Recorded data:
Start of Block

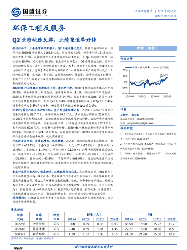 【国盛证券】【20200908】环保工程及服务行业专题研究:Q2业绩快速反弹,业绩望逐季好转-25页 行业研究
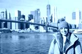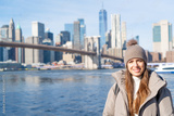 NEW YORK CITY WOMAN ENJOYING MANHATTAN VIEW FROM BROOKLYN PARK LIVING HAPPY DURING WINTER TIME IN UNITED STATES. TRAVEL, SUNNY DAY AND AMERICA CONCEPT.
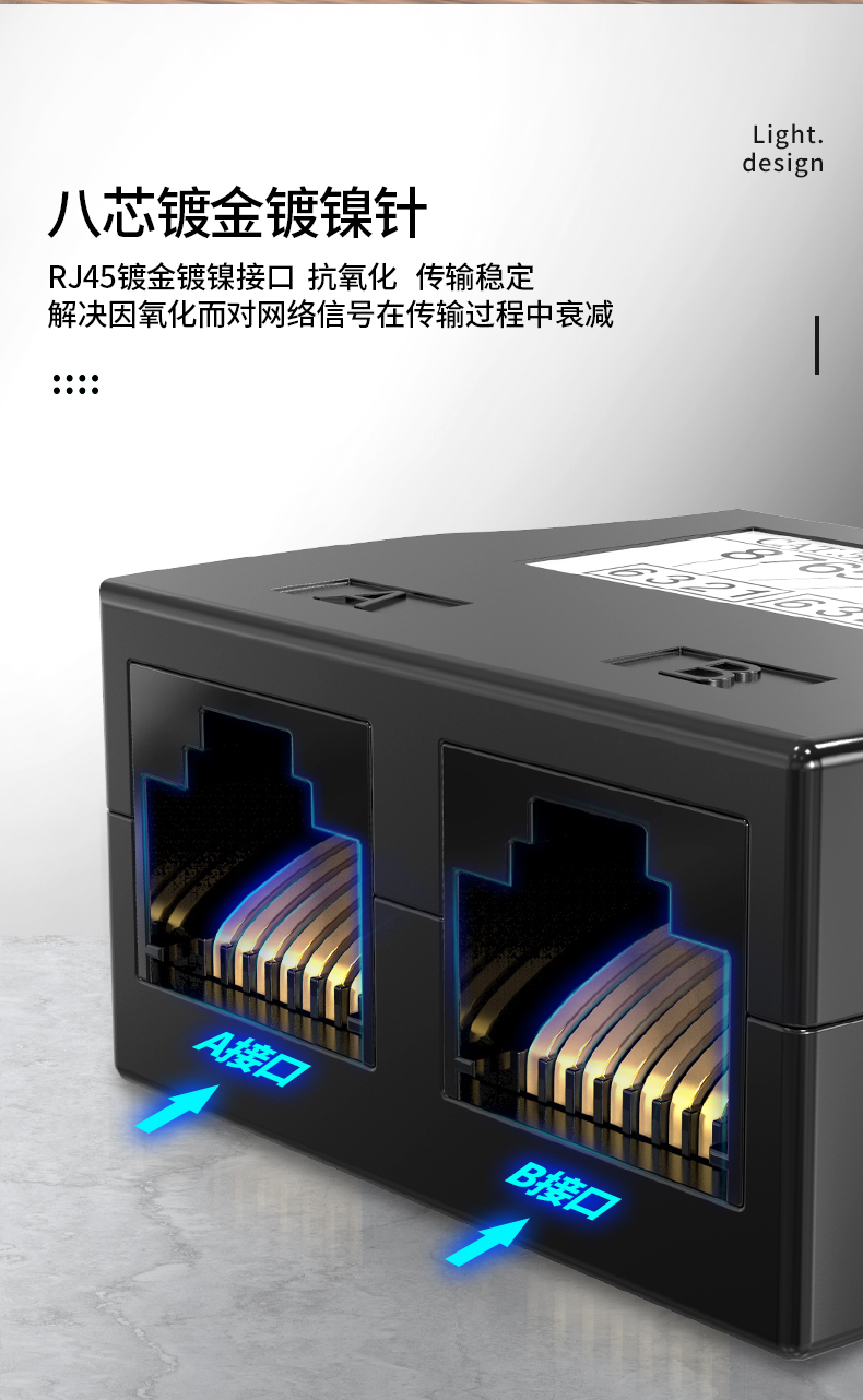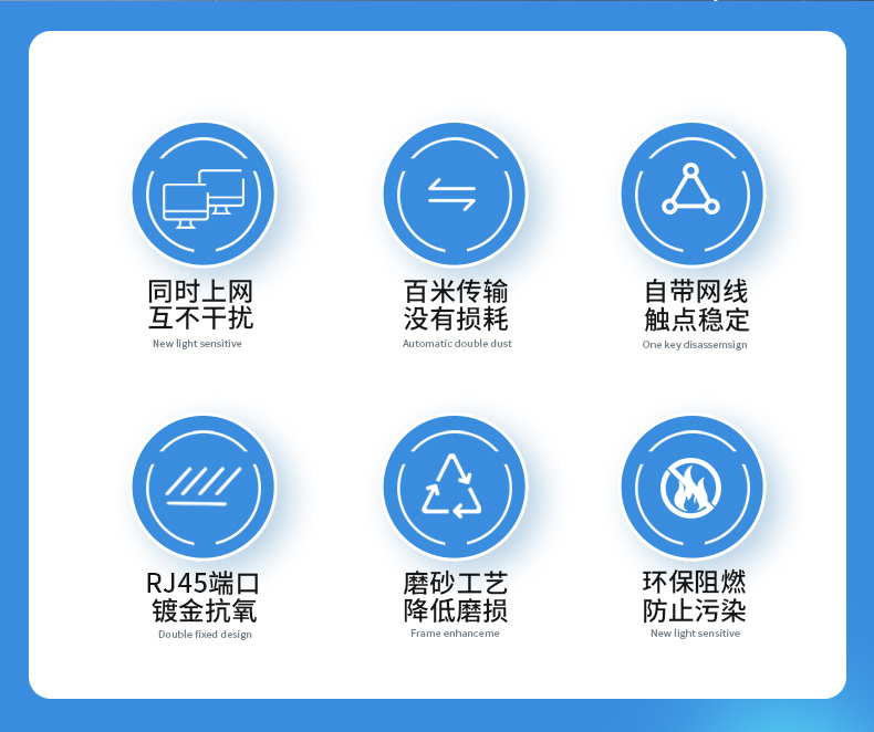 整體采用Press Fit技術(shù),無焊點電路板,可提高性能及降低污染。 通過TLC認(rèn)證,保證NEXT值超越ANSI/TIA 568 .2-D Cat.5e的要求,及六點連接Channel測試認(rèn)證。
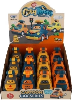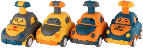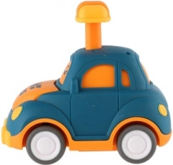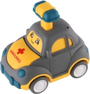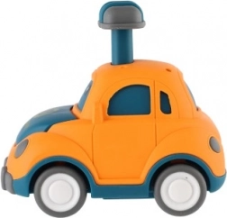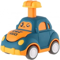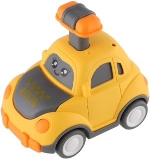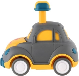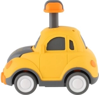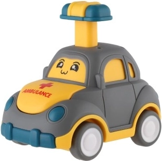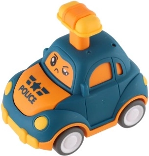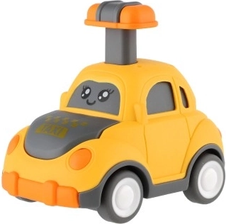 Uroczy plastikowy samochodzik z buźką ucieszy każdego małego kierowcę. Wystarczy nacisnąć dźwignię na dachu, a autko samo ruszy dzięki napędowi ciernemu. Kompaktowy rozmiar 9 cm idealnie pasuje do dziecięcej dłoni, bezpieczne wykonanie oraz cztery różne warianty (policja, karetka, taxi itp.) pobudzają wyobraźnię i motorykę. Odpowiednie dla dzieci od 3 lat.
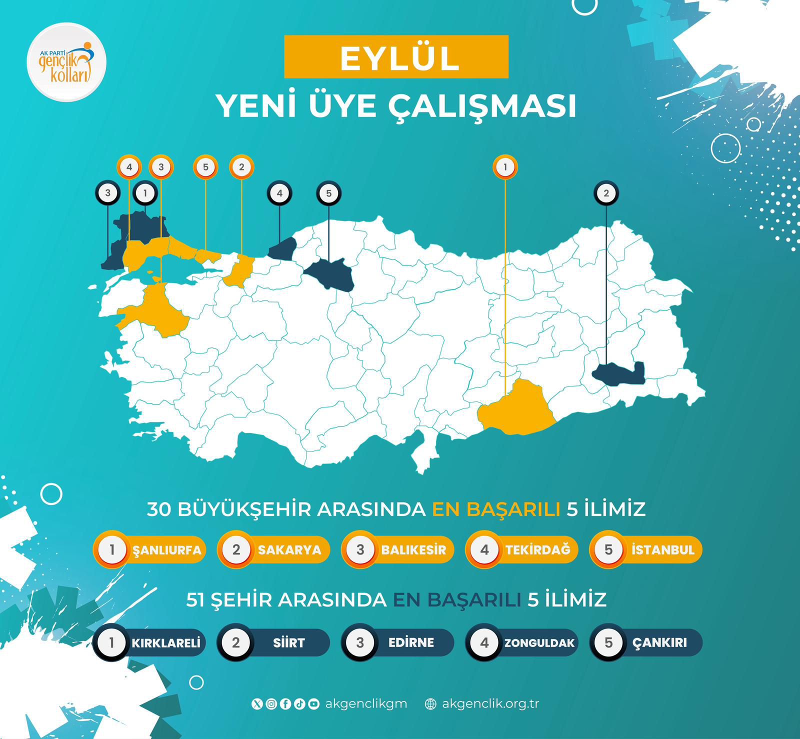 Türkiye genelinde 51 şehir arasında yapılan Eylül ayı yeni üye çalışması sonuçlarına göre AK Genç Zonguldak, 4. sırada yer aldı. Gençlik Kolları, elde edilen bu başarıyla teşkilatın dinamizmini bir kez daha ortaya koydu.
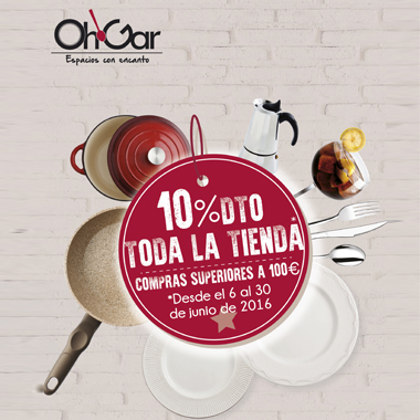 En Oh!Gar queremos hacerte la vida más fácil y por eso, te ofrecemos una promoción que… ¡no puedes dejar escapar! Ven a vernos este mes de junio y llévate un 10% de descuento adicional en todas las compras superiores a 100€.
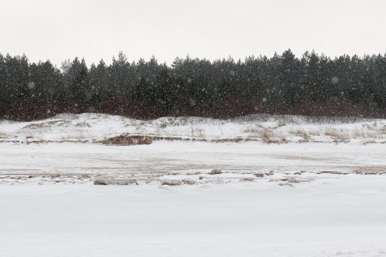 Keywords: latvia jurmala baltic sea balticsea gulf of riga gulfofriga bay seaside beach winter snow snowing ice forest trees spruce fir shore coast outdoor Jurmala beach in winter Jurmala beach in winter
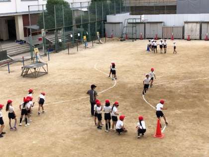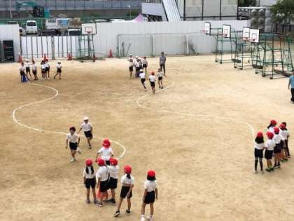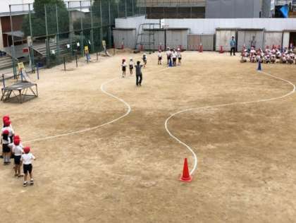 並んでいる子どもたちの様子を見ると、両端から内側に向かって波線のとおりに動き、向かい合ったらジャンケンをして、負けた方は線から離れて次の走者が端からスタート、勝った方はそのまま向かって、また二人が出会ったところでジャンケンをする、相手方の端まで行けたら勝ちというゲームのようです。
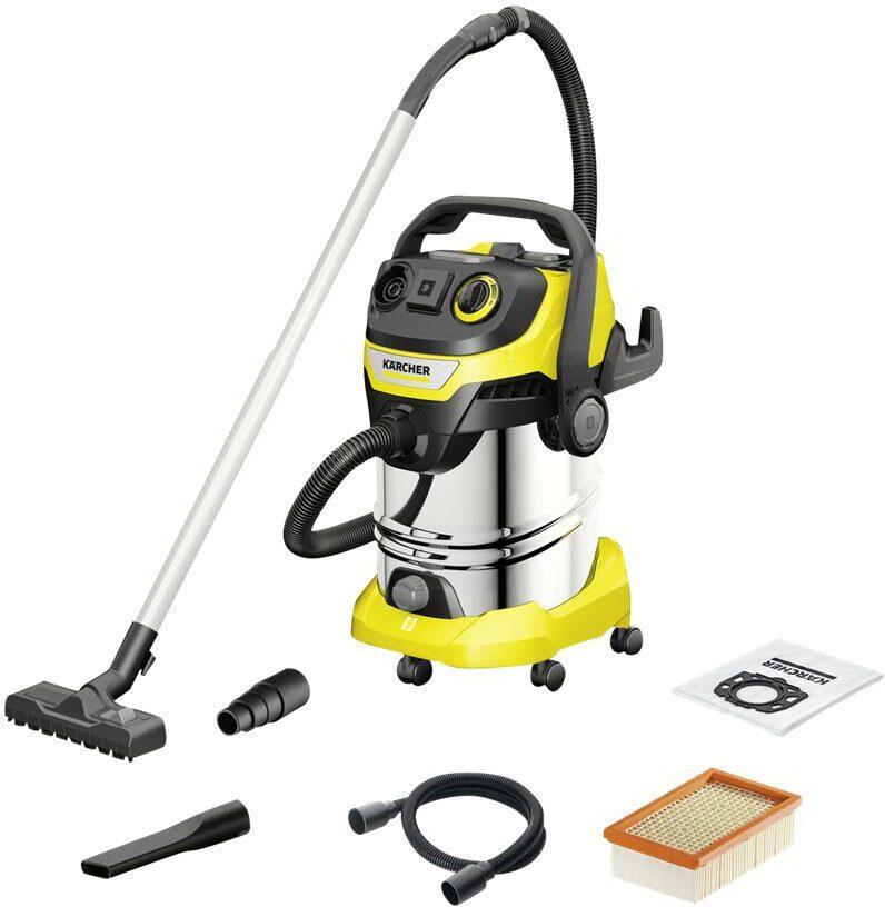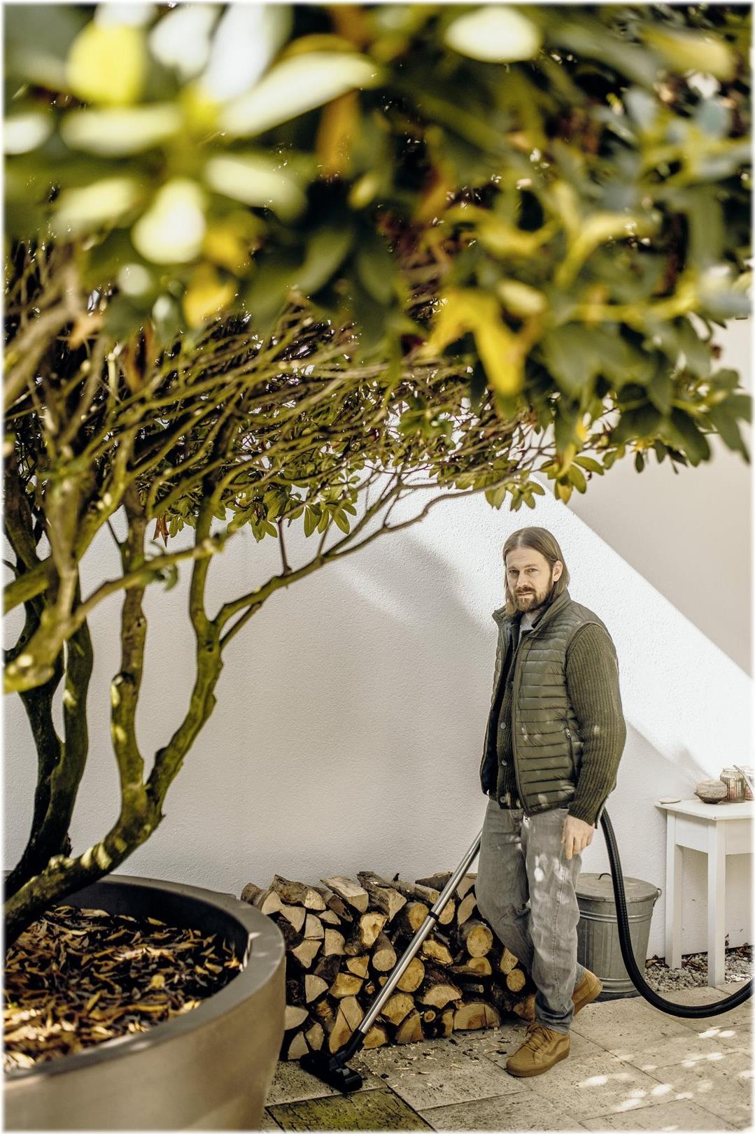 Ultra saugstark und energieeffizient bei nur 1300 Watt Stromverbrauch: Der Nass-/Trockensauger WD 6 P S V-30/6/22/T besitzt einen 30-Liter-Edelstahlbehälter, ein 6 m langes Kabel und einen 2,2 m langen Saugschlauch. Mit der Ablassschraube werden aufgesaugte Flüssigkeiten komfortabel abgelassen. Über die integrierte Steckdose mit Ein-/Ausschaltautomatik können Elektrowerkzeuge wie Sägen oder Schleifgeräte angeschlossen werden. Der entstehende Schmutz wird direkt abgesaugt. Mit dem Drehschalter lässt sich die Saugleistung bedarfsgerecht regulieren. Die Entnahme des Flachfaltenfilters erfolgt ganz ohne Schmutzkontakt durch das Herausklappen der Filterkassette. Zudem lässt sich der Filter durch Betätigung der Abreinigungstaste effizient reinigen und so die Saugleistung einfach wiederherstellen. Bei der Reinigung filigraner Gegenstände kommt die Blasfunktion zum Einsatz. Der abnehmbare Handgriff mit elektrostatischem Schutz erlaubt eine Zubehöranbringung direkt am Saugschlauch, das ist vor allem beim Saugen von Feinstaub nützlich. Weitere Pluspunkte sind die platzsparende Verstauung des Saugschlauchs durch Einhängen am Gerätekopf auf beiden Seiten und die Parkposition der Bodendüse.

End of Block

## What you need to do
The output is the records exactly as they read, with no pictures in it.

## Written answer
 【国盛证券】【20200908】环保工程及服务行业专题研究:Q2业绩快速反弹,业绩望逐季好转-25页 行业研究
 NEW YORK CITY WOMAN ENJOYING MANHATTAN VIEW FROM BROOKLYN PARK LIVING HAPPY DURING WINTER TIME IN UNITED STATES. TRAVEL, SUNNY DAY AND AMERICA CONCEPT.
 整體采用Press Fit技術(shù),無焊點電路板,可提高性能及降低污染。 通過TLC認(rèn)證,保證NEXT值超越ANSI/TIA 568 .2-D Cat.5e的要求,及六點連接Channel測試認(rèn)證。
 Uroczy plastikowy samochodzik z buźką ucieszy każdego małego kierowcę. Wystarczy nacisnąć dźwignię na dachu, a autko samo ruszy dzięki napędowi ciernemu. Kompaktowy rozmiar 9 cm idealnie pasuje do dziecięcej dłoni, bezpieczne wykonanie oraz cztery różne warianty (policja, karetka, taxi itp.) pobudzają wyobraźnię i motorykę. Odpowiednie dla dzieci od 3 lat.
 Türkiye genelinde 51 şehir arasında yapılan Eylül ayı yeni üye çalışması sonuçlarına göre AK Genç Zonguldak, 4. sırada yer aldı. Gençlik Kolları, elde edilen bu başarıyla teşkilatın dinamizmini bir kez daha ortaya koydu.
 En Oh!Gar queremos hacerte la vida más fácil y por eso, te ofrecemos una promoción que… ¡no puedes dejar escapar! Ven a vernos este mes de junio y llévate un 10% de descuento adicional en todas las compras superiores a 100€.
 Keywords: latvia jurmala baltic sea balticsea gulf of riga gulfofriga bay seaside beach winter snow snowing ice forest trees spruce fir shore coast outdoor Jurmala beach in winter Jurmala beach in winter
 並んでいる子どもたちの様子を見ると、両端から内側に向かって波線のとおりに動き、向かい合ったらジャンケンをして、負けた方は線から離れて次の走者が端からスタート、勝った方はそのまま向かって、また二人が出会ったところでジャンケンをする、相手方の端まで行けたら勝ちというゲームのようです。
 Ultra saugstark und energieeffizient bei nur 1300 Watt Stromverbrauch: Der Nass-/Trockensauger WD 6 P S V-30/6/22/T besitzt einen 30-Liter-Edelstahlbehälter, ein 6 m langes Kabel und einen 2,2 m langen Saugschlauch. Mit der Ablassschraube werden aufgesaugte Flüssigkeiten komfortabel abgelassen. Über die integrierte Steckdose mit Ein-/Ausschaltautomatik können Elektrowerkzeuge wie Sägen oder Schleifgeräte angeschlossen werden. Der entstehende Schmutz wird direkt abgesaugt. Mit dem Drehschalter lässt sich die Saugleistung bedarfsgerecht regulieren. Die Entnahme des Flachfaltenfilters erfolgt ganz ohne Schmutzkontakt durch das Herausklappen der Filterkassette. Zudem lässt sich der Filter durch Betätigung der Abreinigungstaste effizient reinigen und so die Saugleistung einfach wiederherstellen. Bei der Reinigung filigraner Gegenstände kommt die Blasfunktion zum Einsatz. Der abnehmbare Handgriff mit elektrostatischem Schutz erlaubt eine Zubehöranbringung direkt am Saugschlauch, das ist vor allem beim Saugen von Feinstaub nützlich. Weitere Pluspunkte sind die platzsparende Verstauung des Saugschlauchs durch Einhängen am Gerätekopf auf beiden Seiten und die Parkposition der Bodendüse.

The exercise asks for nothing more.